Peter recommends exploring the six core GenAI models: OpenAI (ChatGPT), Anthropic (Claude), Google (Gemini), Microsoft (Copilot), Perplexity, and xAI (Grok). Most tools on the market are powered by one of these engines.
“You don’t have to start with integration or APIs. There’s massive value available without writing a line of code.”
In boardrooms, Peter frequently hears the same myths repeated:
“People need to stop seeing GenAI as a monolith. It’s a set of tools. Used well, it’s like having a team of analysts and editors at your fingertips.”

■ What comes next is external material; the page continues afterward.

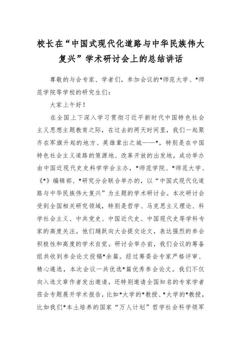 / 校长在“中国式现代化道路与中华民族伟大复兴”学术研讨会上的总结讲话稿

When asked for a fun recommendation, Peter points to There’s an AI for That (theresanaiforthat.com)—a directory of weird and wonderful AI use cases. “There’s everything from avatar generators to haircut recommendations,” he laughs.
But his current go-tos? Grok 4 and Perplexity.
“Grok’s reasoning capability is unmatched right now. It can map out strategic options, weigh trade-offs, and pull live data to help inform direction. Meanwhile, Perplexity’s Labs feature lets you build apps and dashboards directly. It’s a great tool for finance teams.”
For Peter, this isn’t just a technology story. It’s a leadership one.
“Doing nothing is a choice. And in this case, it’s a costly one. The opportunity is here now, before the gap widens too far. Don’t wait for a playbook. Start experimenting, start learning, and start leveraging the tools. Because this is only going in one direction.”
About Peter Beard
Peter Beard is Founder and Director of GenFinance.AI, specialising in AI adoption for finance teams. ACA qualified with over 5 years at EY, he advanced from Assurance Associate to Assistant Manager, leading audits for businesses up to £1.9bn revenue.
Peter joined EY's exclusive global AI research group (120 of 400,000 staff) after gaining early ChatGPT access just six days post-launch. He now helps CFOs and Finance Directors unlock 1,150-2,300+ annual hours through strategic AI implementation.
Recently appointed to ICAEW's Advisory Boards for Audit & Assurance and Members & Commercial, Peter combines deep financial expertise with practical AI deployment. He advocates immediate adoption, emphasizing "doing nothing is a costly choice" as AI capabilities advance exponentially while skills adoption remains linear.